ALCL is divided into two main types based on the presence or absence of a specific genetic abnormality involving the anaplastic lymphoma kinase (ALK) gene:

  • ALK-positive ALCL: This type is more common in children and young adults. It is characterized by the presence of a translocation involving the ALK gene, which leads to the expression of an abnormal ALK protein that promotes cell growth and survival.
  • ALK-negative ALCL: This type is more common in older adults and does not have the ALK gene rearrangement. It tends to have a more aggressive clinical course compared to ALK-positive ALCL.

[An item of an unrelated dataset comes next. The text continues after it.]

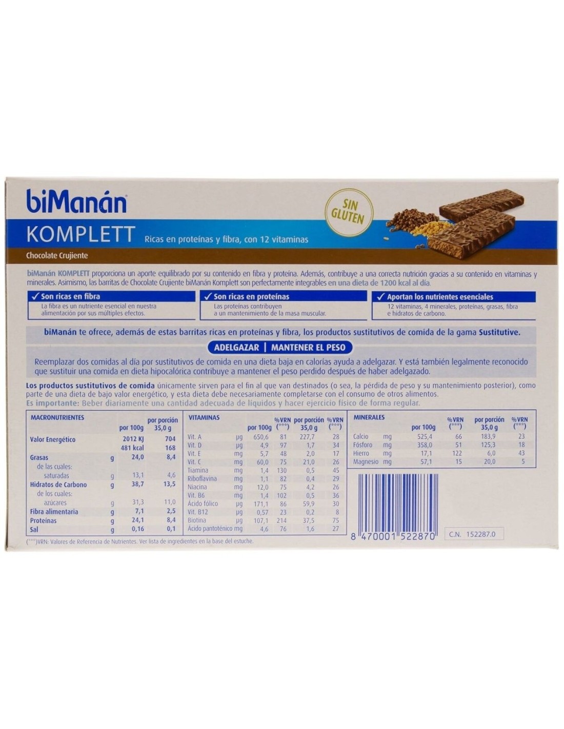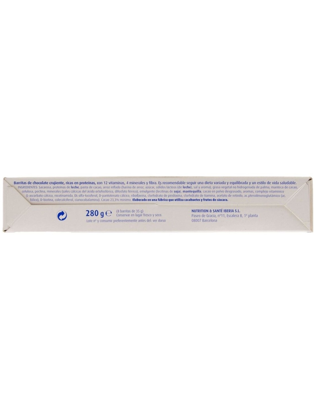 Por unidad (35 g.): Calcio: 178 mg Fósforo: 89,7 mg Potasio: 276 mg Hierro: 3,2 mg Zinc: 4,5 mg Vitamina A: 244 mcg Vitamina D: 1,6 mcg Vitamina E: 1,9 mg Vitamina C: 21 mg Tiamina: 0,53 mg Riboflavina: 0,34 mg Niacina: 4,2 mg Vitamina B6: 0,46 mg Ácido Fólico: 57,8 mcg Vitamina B12: 0,19 mcg Biotina: 36 mcg Ácido Pantoténico: 1,6 mg Cobre: 0,19 mg Yodo: 23,8 mcg Selenio: 10 mcg Magnesio: 30,9 mg Manganeso: 0,19 mg Sabor chocolate crujiente: Azúcar, proteínas de la leche, pasta de cacao, arroz inflado (8%) (harina de arroz, azúcar, lactosuero en polvo, sal), aceiete de girasol alto oleico, estabilizante (celulosa), manteca de cacao, fibra alimentaria (inulina), gelificante (pectina), minerales (sales cálcicas del ácido ortofosfórico, difosfato férrico), emulgente (lecitina de soja), cacao desgrasado en polvo (1%), mantequilla (leche), aromas naturales, vitaminas (L-ascorbato cálcico, nicotinamida, DL.alfa tocoferol, D-pantotenato cálcico, riboflavina, clorhidrato de piridoxina, clorhidrato de tiamina, acetato de retinilo, ácido pteroilmonoglutámico (ácido Fólico), D-biotina, colecalciferol, cianocobalamina.
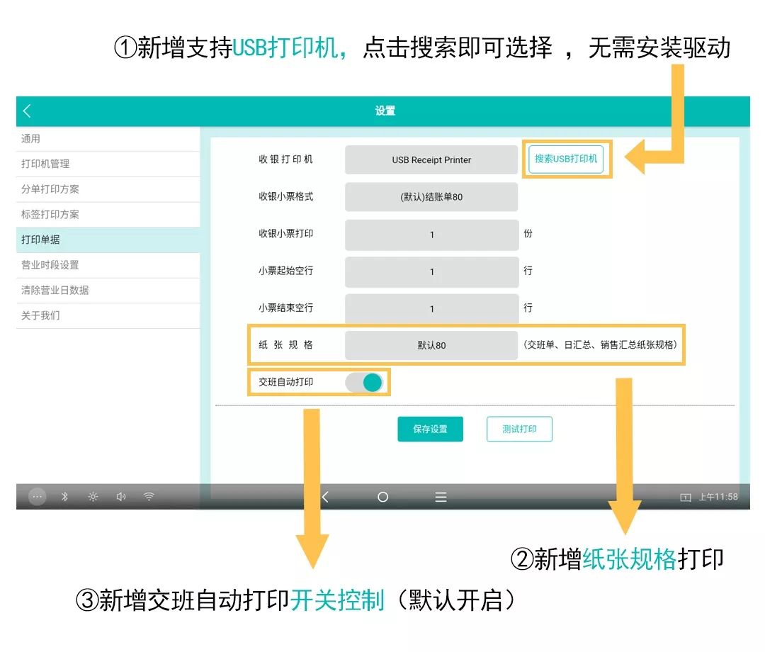 增加打印單據,支持USB打印機,可根據交班單、日匯總、銷售明細匯總選擇不同的紙張規格打印,并增加交班自動打印開關控制。

Clinical Presentation[edit]

Patients with ALCL may present with a variety of symptoms, including:

  • Lymphadenopathy: Swelling of the lymph nodes, which may be painless.
  • B symptoms: Fever, night sweats, and weight loss.
  • Extranodal involvement: ALCL can affect organs outside the lymphatic system, such as the skin, liver, lungs, and bones.

Diagnosis[edit]

The diagnosis of ALCL is made through a combination of clinical evaluation, imaging studies, and biopsy of affected tissue. Histological examination reveals large, pleomorphic cells with abundant cytoplasm and horseshoe-shaped nuclei. Immunohistochemistry is used to detect the expression of CD30, a marker that is typically positive in ALCL cells.

Treatment[edit]

The treatment of ALCL depends on the subtype and stage of the disease. Common treatment options include:

  • Chemotherapy: Regimens such as CHOP (cyclophosphamide, doxorubicin, vincristine, and prednisone) are commonly used.
  • Targeted therapy: For ALK-positive ALCL, ALK inhibitors such as crizotinib may be used.
  • Radiation therapy: May be used in certain cases, especially for localized disease.
  • Stem cell transplantation: Considered in cases of relapsed or refractory ALCL.

Prognosis[edit]

The prognosis of ALCL varies depending on the subtype and other factors such as age and overall health. ALK-positive ALCL generally has a better prognosis compared to ALK-negative ALCL. Long-term survival rates are higher in children and young adults compared to older patients.